Batch Normalization（标准化处理）

why

对图像进行标准化处理，加速网络收敛，使整个训练样本集对应的feature map满足分布规律
what

将一批数据的feature map满足均值为0，方差为1的分布规律
how

架构

在网络构建过程中，残差模块的shortcut有些是实线的，有些则是虚线的，这些虚线的 short cut 上通过1×1的卷积核进行了维度处理（特征矩阵在长宽方向降采样，深度方向调整成下一层残差结构所需要的channel）

举例：

def conv3x3(in_planes,out_planes,stride=1,groups=1,dilation=1):
    return nn.Conv2d(in_planes,out_planes,kernel_size=3,stride=stride,
                    padding=dilation,groups=groups,bias=False,dilation=dilation)

def conv1x1(in_planes,out_planes,stride=1):
    return nn.Conv2d(in_planes,out_planes,kernel_size=1,stride=stride,bias=False)

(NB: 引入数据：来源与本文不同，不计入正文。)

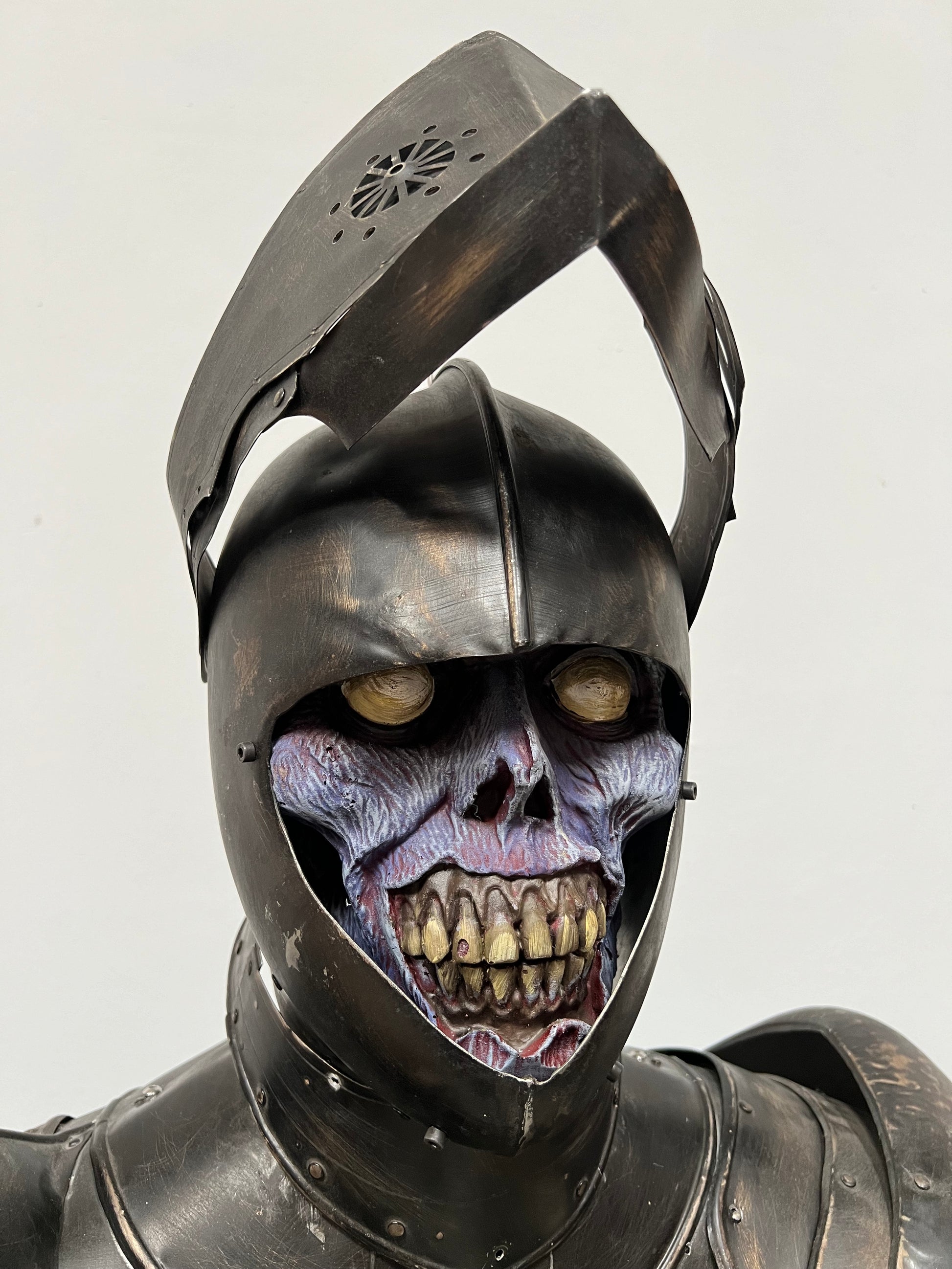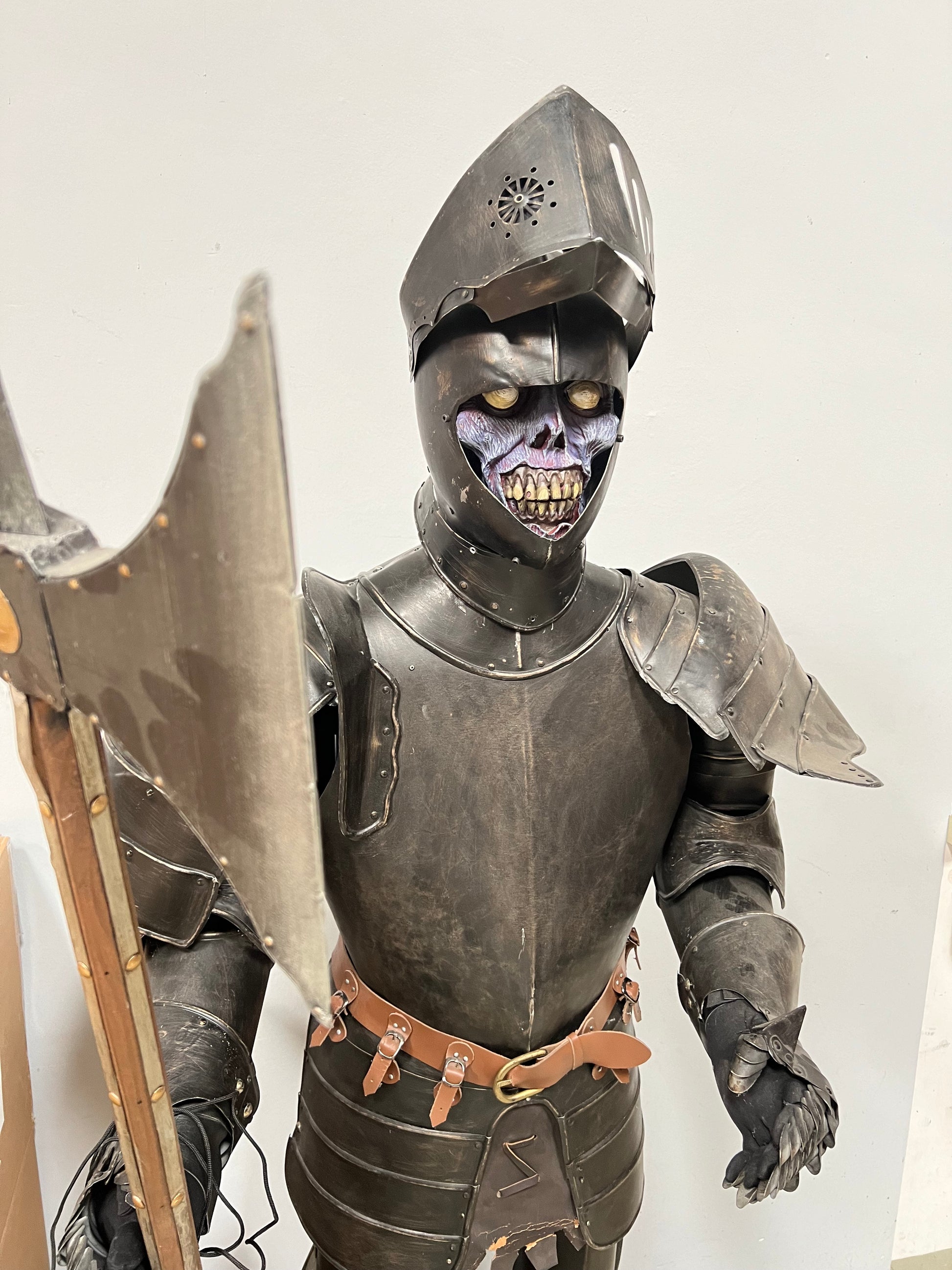 Die Figur ist 190 cm groß und führte eine Kopfbewegung auf und ab aus, sowie eine Armbewegung horizontal hin und her. Mit der linken Hand schwenkt der Zombie Ritter einen abgeschlagenen Schädel hin und her.

class BasicBlock(nn.Module):
    #基本block类
    expansion = 1  #扩张值，用于通道倍增
    
    def __init__(self,inplanes,planes,stride=1,downsample=None,
                groups=1,base_width=64,dilation=1,norm_layer=None):
        """
        inplanes:   输入通道数
        planes:     输出通道数
        stride:     步长
        downsample: 下采样层
        groups:     组数，当为1时不进行分组卷积
        base_width: 基本宽度
        dilation:   膨胀率
        norm_layer: 归一化层
        """
        super(BasicBlock,self).__init__()
        if norm_layer is None:
            norm_layer = nn.BatchNorm2d
         # 组数不等于1或则基本宽度不等于64，则报错，表明只支持组数为1，且base_width为64
        if groups != 1 or base_width != 64:
            raise ValueError('BasicBlock only supports groups=1 and base_width=64')
        # 膨胀只能为1
        if dilation > 1:
            raise NotImplementedError("Dilation > 1 not supported in BasicBlock")
        # Both self.conv1 and self.downsample layers downsample the input when stride != 1
        self.conv1 = conv3x3(inplanes, planes, stride)  # 3x3卷积层
        self.bn1 = norm_layer(planes) # BN层
        self.relu = nn.ReLU(inplace=True)  # Relu层
        self.conv2 = conv3x3(planes, planes)   # 3x3卷积层
        self.bn2 = norm_layer(planes)  # BN层
        self.downsample = downsample  # 下采样层
        self.stride = stride  # 步长
        
    def forward(self, x):
        identity = x  # 恒等值

        out = self.conv1(x)
        out = self.bn1(out)
        out = self.relu(out)

        out = self.conv2(out)
        out = self.bn2(out)

        if self.downsample is not None:  # 如果下采样层不为None，则进行下采样处理。
            identity = self.downsample(x) 

        out += identity  
        # 残差连接，与原来x相加
        
        out = self.relu(out)
        return out
        
class Bottleneck(nn.Module):
    # Bottleneck in torchvision places the stride for downsampling at 3x3 convolution(self.conv2)
    # while original implementation places the stride at the first 1x1 convolution(self.conv1)
    # according to "Deep residual learning for image recognition"https://arxiv.org/abs/1512.03385.
    # This variant is also known as ResNet V1.5 and improves accuracy according to
    # https://ngc.nvidia.com/catalog/model-scripts/nvidia:resnet_50_v1_5_for_pytorch.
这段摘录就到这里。